** BRIEF **
In the listing below, print exactly the lines between the line holding "左右で色を大胆に切り替えたバイカラーのニットカーディガン。" and the line holding "- HEAVY-DUTY CONSTRUCTION: We", inclusive, and no more.

** PROVIDED INFORMATION **
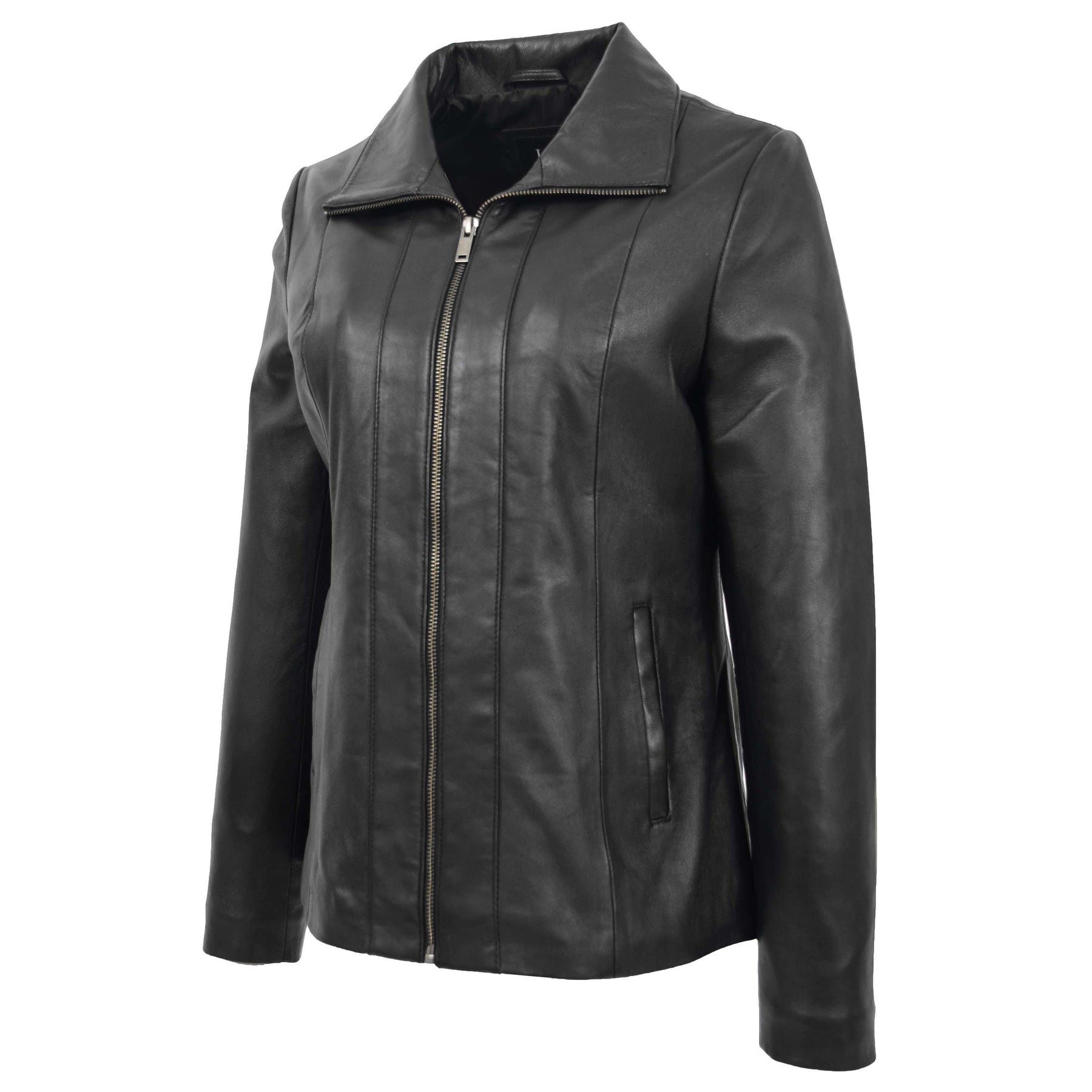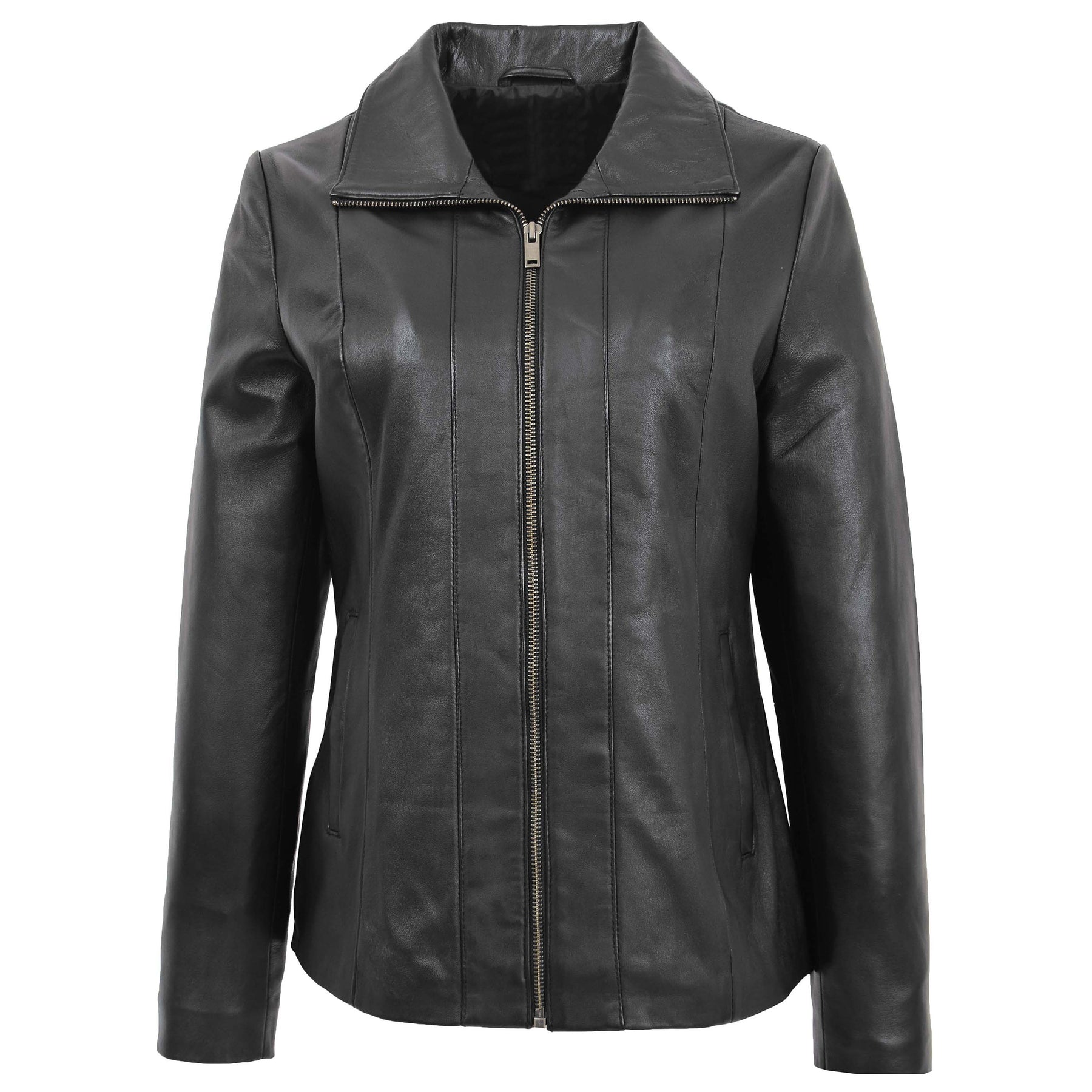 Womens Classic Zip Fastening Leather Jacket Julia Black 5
* * *
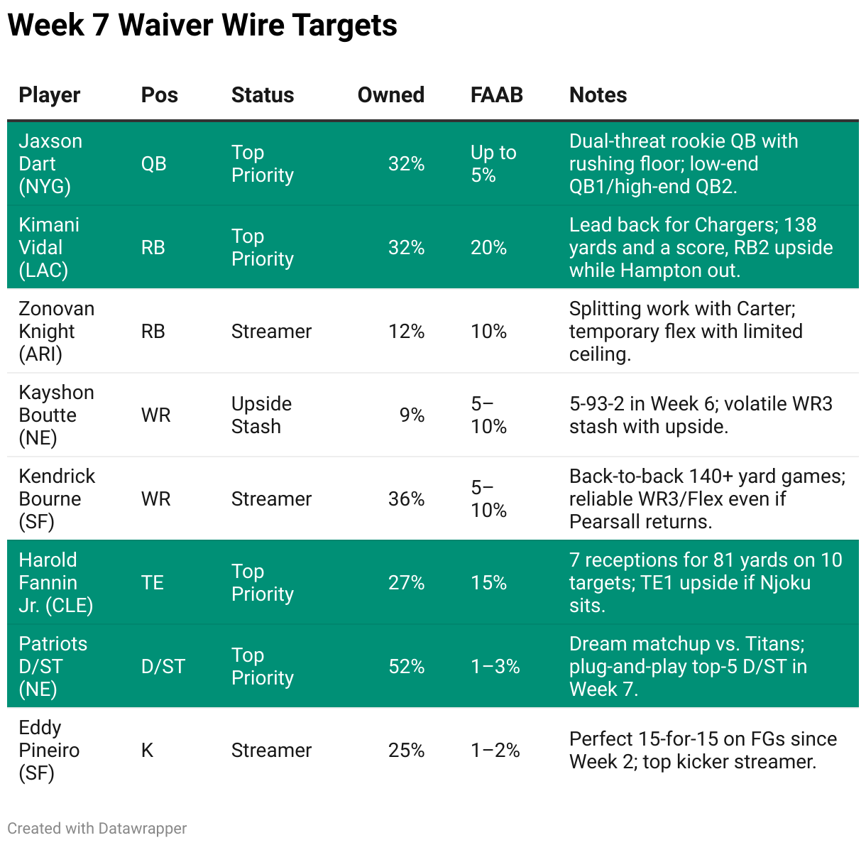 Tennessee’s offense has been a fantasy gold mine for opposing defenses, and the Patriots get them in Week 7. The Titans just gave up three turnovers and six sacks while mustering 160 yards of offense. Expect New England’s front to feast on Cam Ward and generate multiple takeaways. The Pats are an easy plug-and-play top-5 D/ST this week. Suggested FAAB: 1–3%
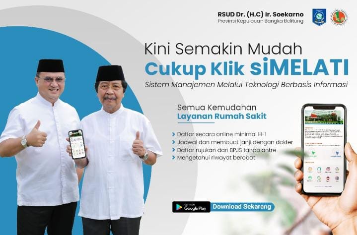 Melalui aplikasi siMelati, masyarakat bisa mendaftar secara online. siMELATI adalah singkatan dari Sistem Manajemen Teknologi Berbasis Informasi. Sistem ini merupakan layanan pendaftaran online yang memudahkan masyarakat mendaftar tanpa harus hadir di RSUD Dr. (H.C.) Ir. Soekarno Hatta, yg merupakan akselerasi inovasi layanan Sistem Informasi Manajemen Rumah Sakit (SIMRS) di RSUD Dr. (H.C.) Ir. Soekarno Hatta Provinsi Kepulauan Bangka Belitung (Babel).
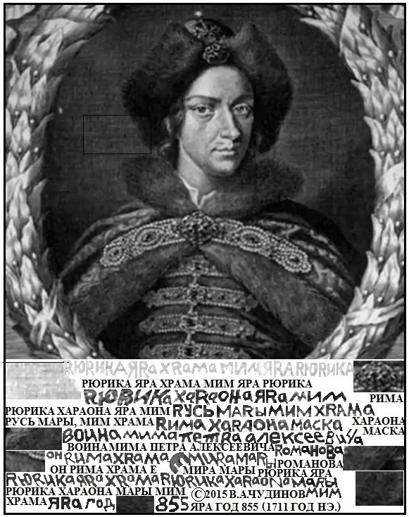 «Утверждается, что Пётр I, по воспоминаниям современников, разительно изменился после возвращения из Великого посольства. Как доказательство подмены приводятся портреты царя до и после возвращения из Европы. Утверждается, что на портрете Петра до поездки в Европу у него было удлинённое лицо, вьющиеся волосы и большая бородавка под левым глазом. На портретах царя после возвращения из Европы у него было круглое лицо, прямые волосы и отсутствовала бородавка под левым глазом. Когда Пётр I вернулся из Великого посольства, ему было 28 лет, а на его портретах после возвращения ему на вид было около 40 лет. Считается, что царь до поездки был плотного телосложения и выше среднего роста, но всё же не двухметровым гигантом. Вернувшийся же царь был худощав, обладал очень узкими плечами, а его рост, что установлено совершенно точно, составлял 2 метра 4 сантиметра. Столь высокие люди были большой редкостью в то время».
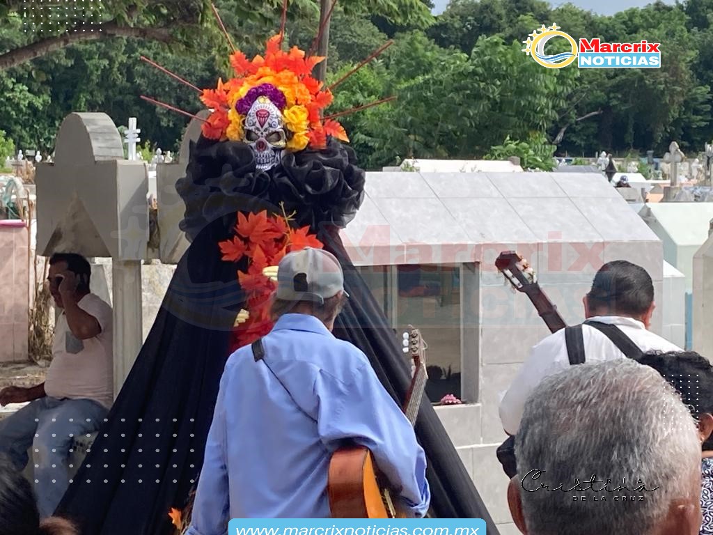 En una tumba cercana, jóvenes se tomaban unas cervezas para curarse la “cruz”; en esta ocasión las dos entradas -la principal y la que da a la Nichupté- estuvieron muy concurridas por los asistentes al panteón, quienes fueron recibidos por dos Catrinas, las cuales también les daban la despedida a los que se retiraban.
...
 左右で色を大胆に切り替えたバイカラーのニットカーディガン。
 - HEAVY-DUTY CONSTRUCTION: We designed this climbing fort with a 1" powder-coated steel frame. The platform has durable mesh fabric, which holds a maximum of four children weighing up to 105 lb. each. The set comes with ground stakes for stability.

** RESPONSE **
 左右で色を大胆に切り替えたバイカラーのニットカーディガン。
 - HEAVY-DUTY CONSTRUCTION: We designed this climbing fort with a 1" powder-coated steel frame. The platform has durable mesh fabric, which holds a maximum of four children weighing up to 105 lb. each. The set comes with ground stakes for stability.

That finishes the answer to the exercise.